>>>>>

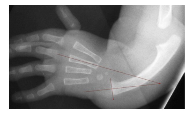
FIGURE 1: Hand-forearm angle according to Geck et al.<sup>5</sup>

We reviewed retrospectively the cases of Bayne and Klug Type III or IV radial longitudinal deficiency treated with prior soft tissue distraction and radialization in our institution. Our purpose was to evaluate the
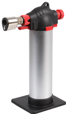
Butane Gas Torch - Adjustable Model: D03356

<<<<<
>>>>>

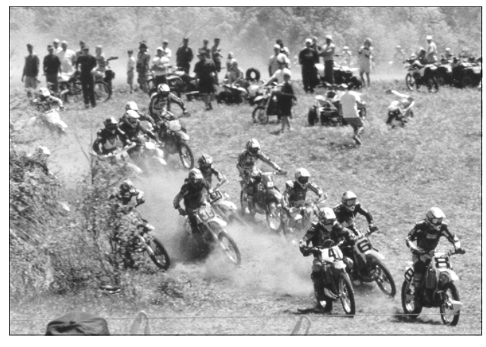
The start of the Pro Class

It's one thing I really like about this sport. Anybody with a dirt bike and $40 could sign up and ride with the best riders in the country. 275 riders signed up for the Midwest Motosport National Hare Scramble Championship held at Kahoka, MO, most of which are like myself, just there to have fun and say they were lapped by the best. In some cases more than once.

<<<<<
>>>>>

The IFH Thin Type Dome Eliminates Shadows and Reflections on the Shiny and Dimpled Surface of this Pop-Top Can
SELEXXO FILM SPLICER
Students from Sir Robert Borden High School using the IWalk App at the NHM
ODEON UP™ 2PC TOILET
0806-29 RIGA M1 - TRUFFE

<<<<<

**To do**:
Scan the entries above for the word "this". Report the lines that hold it.

**Task solution**:
It's one thing I really like about this sport. Anybody with a dirt bike and $40 could sign up and ride with the best riders in the country. 275 riders signed up for the Midwest Motosport National Hare Scramble Championship held at Kahoka, MO, most of which are like myself, just there to have fun and say they were lapped by the best. In some cases more than once.
The IFH Thin Type Dome Eliminates Shadows and Reflections on the Shiny and Dimpled Surface of this Pop-Top Can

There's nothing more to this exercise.